Family Planning Abortion Defunding (Planned Parenthood): The Title X Abortion Provider Prohibition Act, Sen. David Vitter and HR 217 by Rep. Diane Black, would prohibit funds under the federal Title X ("Title 10") family planning program from going to entities (other than hospitals) that perform abortions (except to save the life of the mother, or in cases of rape, or incest against a minor) -- including, but not limited to, affiliates of the Planned Parenthood Federation of America (PPFA).

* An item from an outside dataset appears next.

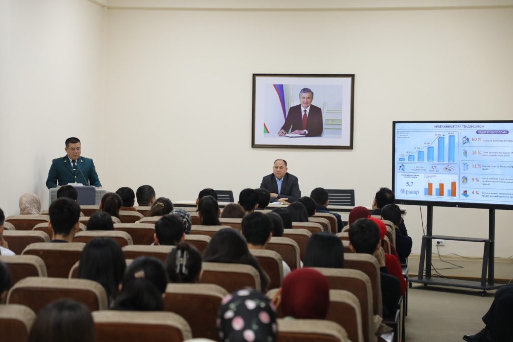 Shuningdek, uchrashuvda talabalar va professor-o‘qituvchilarga internet va ijtimoiy tarmoqlardan xavfsiz foydalanish, shaxsiy ma’lumotlarni himoyalash, firibgarlik holatlaridan ogoh bo‘lish bo‘yicha amaliy tavsiyalar berildi. Tadbir savol-javoblar bilan yakunlandi.
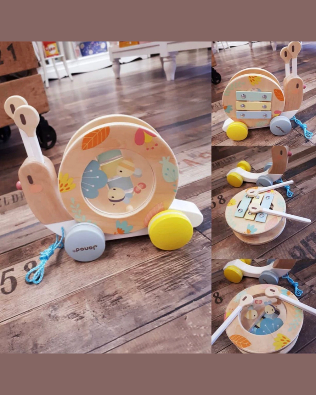 A concha do caracol é removível e se transforma em um xilofone musical, além de conter engrenagens giratórias que despertam a curiosidade e estimulam a coordenação motora. O brinquedo acompanha duas baquetas e uma cordinha para puxar, incentivando o bebê a engatinhar e explorar.

Health Care Conscience Rights Act: HR 940, by Rep. Diane Black, provides badly needed conscience protections for Americans who face an increasingly frequent use of coercive means – governmental and other – to compel participation in providing abortion and other procedures regardless of religious and moral objections. The bill would amend the ObamaCare law to prevent the imposition of regulatory mandates that violate the religious or moral convictions of those who purchase or provide health insurance. The bill would also prevent any level of government from discriminating against health care providers, including doctors, nurses, hospitals, and insurers, who decline to participate in abortions. In addition, it would empower victims to seek relief in court for violations of the federal conscience laws.

Homeland Security Respect for Life Act: HR 493, by Rep. Bill Huizenga, provides that no funds appropriated to the federal Department of Homeland Security, from any federal program, may be used to fund abortions, except to save the life of the mother, or in cases of rape or incest. The purpose of this bill is to apply to the Department of Homeland Security the same abortion policy, with respect to persons detained or incarcerated by that agency, as have long been applied to the regular federal prison system operated by the Bureau of Prisons.